Additional studies involving dapoxetine showed minimal food effects.[13]
Mean maximal plasma concentrations of dapoxetine decreased slightly after a
high-fat meal, from 443 ng/mL (fasted) to 398 ng/mL (fed), and were delayed
by approximately 0.5 hours following a high-fat meal (1.3 hours fasted, 1.63
hours fed). There was no effect of food on elimination of this agent, with <
5% of peak plasma concentration being present 24 hours after oral
administration. Interestingly, the most frequent AE with dapoxetine is
nausea, which was decreased after a high-fat meal (24% of fasted and 14% of
fed subjects). Perhaps a complete steak dinner will be required with this
medication for the patients who complain of nausea.

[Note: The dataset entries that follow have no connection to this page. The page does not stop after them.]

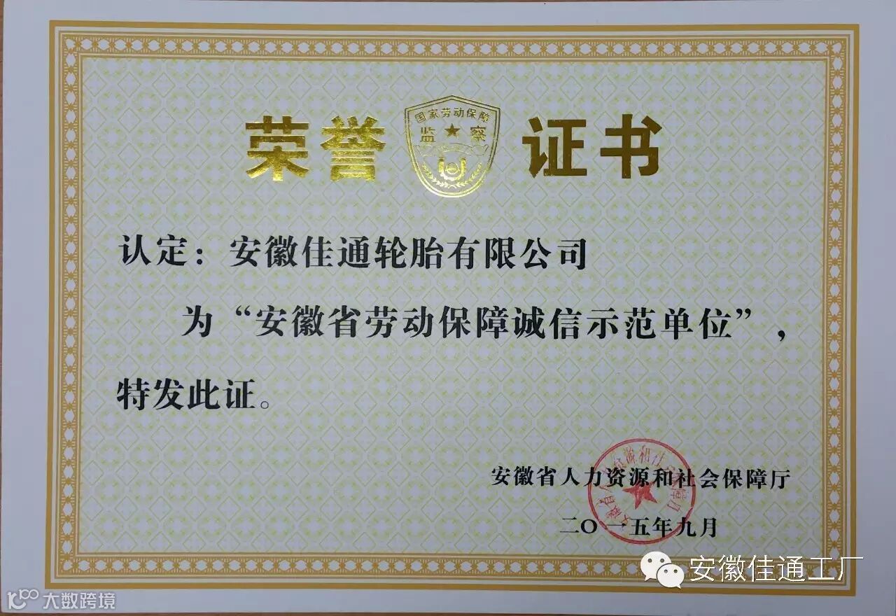 2015年下半年,在安徽省人力资源和社会保障厅组织的2015年度劳动保障年度审查会议上,安徽佳通顺利通过审查并被授予“安徽省劳动保障诚信示范单位”称号。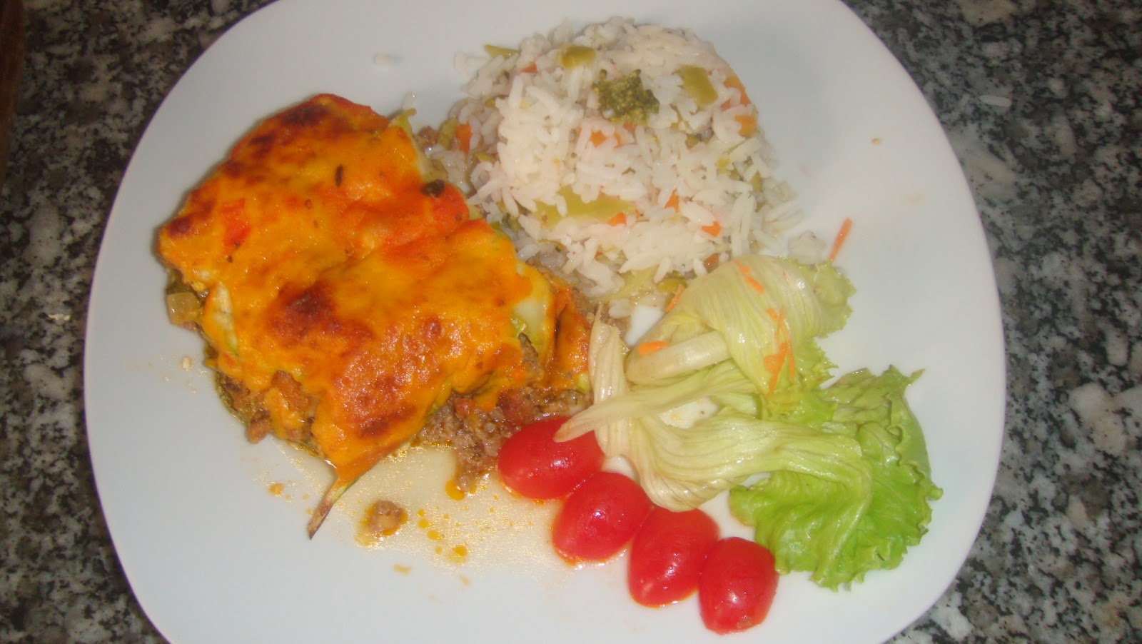 Eu tenho pensando ainda mais em fugir do convencional quando o assunto é comida. Inovar, fugir do tradicional, porque não dá pra comer arroz com feijão e SÓ todos os dias. Mas tem que ter criatividade e um pote cheio de amor. Tenho me inspirado muito na Thaís Ventura do As Delícias do Dudu. Semana passada ela postou uma receita de lasanha de abobrinha, e hoje resolvi fazer quase a mesma receita, só que coloquei carne moída "vitaminada", é que eu nunca faço carne moída só com os temperos normais, sempre ralo uns dois vegetais, hoje foi mandioquinha ralada e vinagreira picadinha. A receita é simples, simples.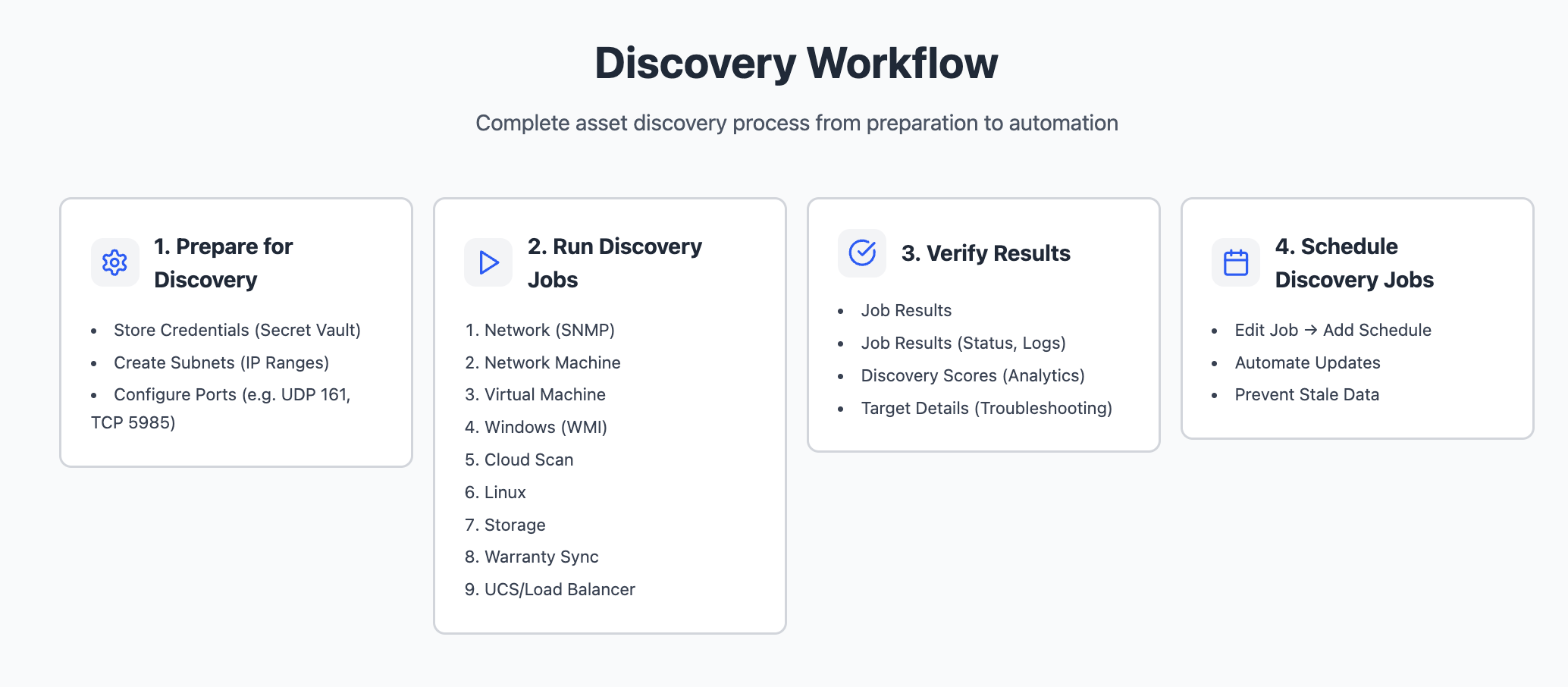 In the Discovery phase, you configure and run discovery jobs to scan your IT environment and collect asset data. These jobs systematically identify infrastructure components, including network devices, servers, desktops, laptops, and cloud resources, and store the discovered information in the central database.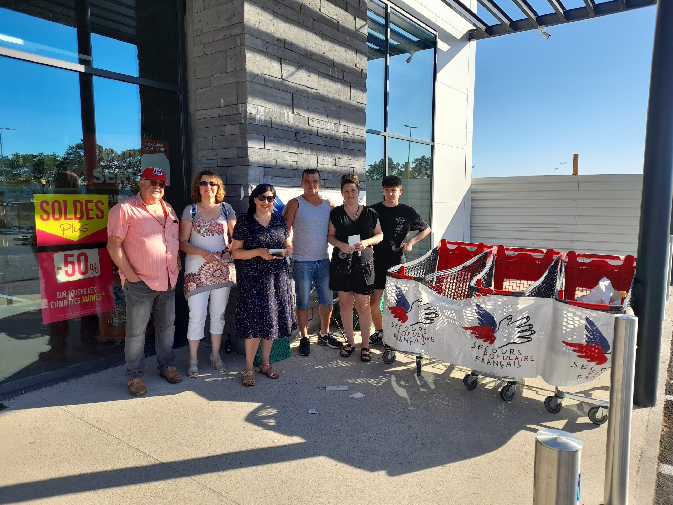 Fin juin, les bénévoles et les personnes accueillies du SPF de Paulhan ont réalisé une collecte alimentaire à l’entrée du magasin Carrefour.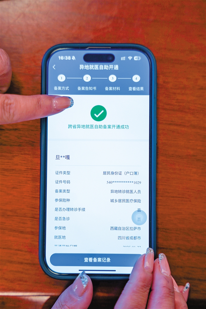 跨省異地就醫(yī)自助備案通過手機小程序開通成功。記者 貢曲羅杰 攝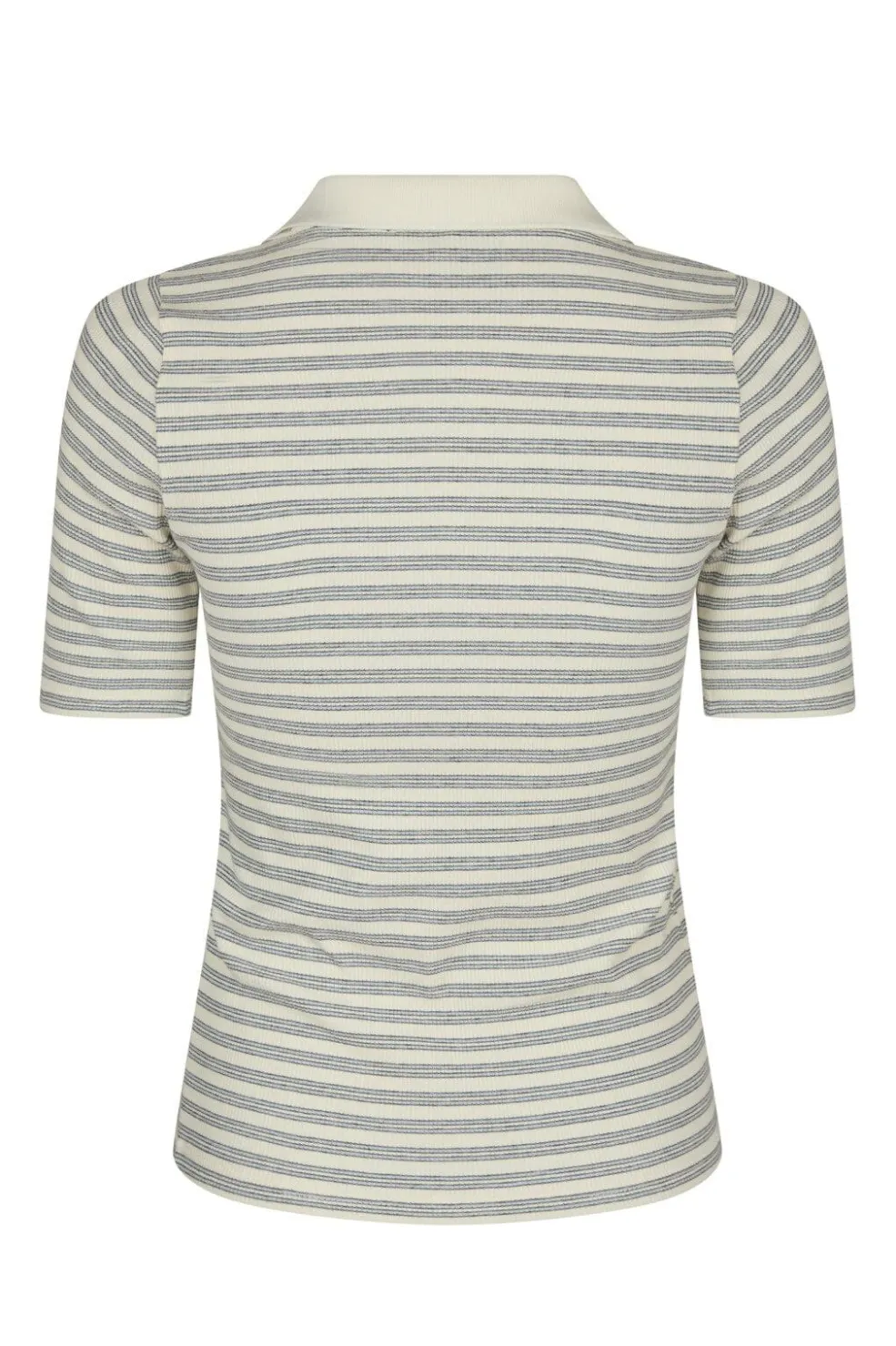 Stribet polobluse fra Neo Noir i lyseblå og cremefarvede striber. Blusen har en slim fit-pasform og er lavet af blødt bomuldsstof med stretch.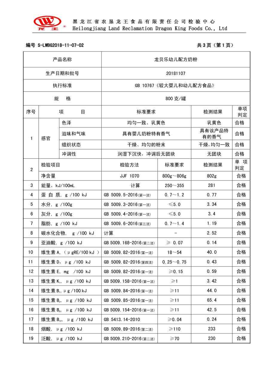 2018年(nián)11月(yuè)份龍貝樂(yuè)幼兒(ér)配方奶粉800克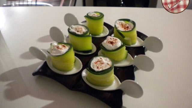 Formez vos cannelloni avec les lamelles de courgettes, vos pouvez les fermer avec un brin de ciboulette, garnissez à l'aide d'une cuillère a café avec votre mélange de crabe et pour finir saupoudrez d'un peu de paprika.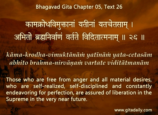 Moreover, remembering that we are meant to be cooperators, not controllers, can help us recover faster whenever we slip in our efforts to control our senses. When our self-worth comes from our self-control, we see such falls as life-destroying disasters, indulge in excessive self-recrimination and end up disheartened. But when we identify ourselves as servants of Krishna, we see such falls positively, as timely reminders of our indispensable need for Krishna’s shelter. Seeking that shelter, we intensify our devotional practices. Becoming purified, we progress towards full liberation, which, the Gita (05.26) indicates, involves freedom from not just desire but also anger.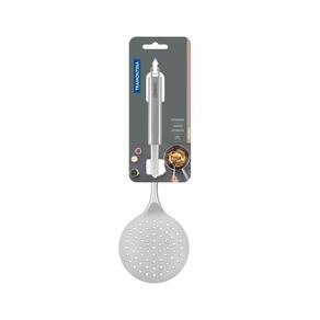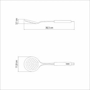 Espumadeira Tramontina Marffim Em Aço Inox Tramontina Espumadeira Tramontina Marffim em Aço Inox Tramontina - Frite quitutes deliciosos com mais praticidade e eficiência. Para isso, utilize a Espumadeira Tramontina Marffim em Aço Inox e obtenha muita facilidade na cozinha! A peça é fabricada totalmente em aço inox e apresenta alta resistência e durabilidade. A peça que vai completar os seus afazeres e trazer muita facilidade ao seu dia a dia!OrientaçõesTotalmente feita de aço inox, por isso não solta nenhum resíduo nos alimentos, mantendo-os saudáveis. Altamente durável, mantém suas características , preservando a beleza, a higiene e a durabilidade do material. Pode ser lavada diariamente na máquina de lavar louças.ObservaçõesUse apenas sabão ou detergente e uma esponja macia. Outros tipos de produto como palha de aço, poderão riscar ou prejudicar o brilho da peça. Enxágue cada item a fim de remover totalmente os resíduos dos produtos de limpeza, que, por serem abrasivos, podem danificar o inox. Sempre que possível, use água quente, pois renova o brilho da peça. Após a lavagem, enxugue imediatamente a peça, caso contrário, as substâncias químicas da água (cloro) poderão causar manchas. Evite atrito entre as peças durante o processo de lavagem e no armazenamento, para mantê-la sem riscos. Evite o contato do produto com superfícies quentes, pois elas provocam a descoloração do material. Não guarde a peça em locais úmidos. A umidade também provoca manchas.Características GeraisEAN137891116157992DUN1417891116157999NCM8215.99.10Peso Líquido0,1570 kg.Peso Bruto0,1680 kg.Metragem0,001742 m.Dimensões Embalagem (Compr. X Larg. X Alt.)410x 118x 36 mm.Dimensões Produto (Compr. X Larg. X Alt.)365x 118x 31 mm. Características Gerais do Produto: Garantia: - 1 Ano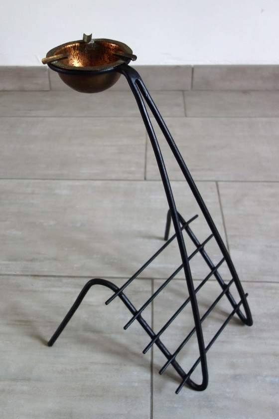 Rare cendrier porte revues en métal et cuivre années 50 France

The question of daily dosing and accumulation was reported in a study of 42
healthy males.[14] Dapoxetine was rapidly absorbed with mean maximal plasma
concentrations achieved at 1.01 and 1.27 hours after single doses of
dapoxetine 30 and 60 mg. With repeated daily dosing, steady-state plasma
concentrations were reached within 4 days, with modest accumulation
(1.5-fold). Elimination of dapoxetine was rapid and biphasic, with initial
and terminal half-lives of 1.4 and 20 hours. The authors concluded that the
pharmacokinetic profile of dapoxetine is ideally suited to an on-demand oral
therapy for PE.
Educational Need

Even though PE is the most common male sexual dysfunction, it seems to be
under-reported by patients and underestimated by physicians. There have been
2 large surveys conducted -- one that looked at the prevalence and attitudes
regarding PE among 11,543 men from the United States, Germany, and Italy,
and another querying 271 physicians (primary care physicians, urologists,
and psychiatrists) from the United States, Germany, Italy, and Mexico..[15]
Seventy-two percent of men with self-reported PE claimed significant worry
about their ability to last during intercourse, with 59% reporting
frustration at climaxing too soon. In contrast, > 90% of physicians thought
that PE caused only minor or no distress to their patients. Approximately
12% of men stated that they had consulted a physician for this condition,
with 80% claiming to have initiated the conversation and 85% reporting
little or no improvement from this medical interaction. Obviously medical
enlightenment is needed.

Clearly, PE is a common and distressing condition for a sizeable segment of
the male population. Patients and couples often seek expensive and
ineffective off-label therapies. education about PE, its prevalence, and
beneficial therapies for both consumers and physicians is urgently needed.

LMac

2006-01-23, 1:47 am

Timothy Hutchinson, Sr Partner wrote:

> New Findings in the Treatment of Premature Ejaculation CME
>
>
>
> Wayne J. G. Hellstrom, MD, FACS
>
> -====== snip ======-
>

An interesting note among the papers was that many patients had reported
PE to their MD without receiving feedback on possible treatment. That
has been my experience dating from 2001. (One GP and two Uros.)

Many thanks to Timothy for the post -- have burned it to a CD and will
give it to my Uro during spring visit.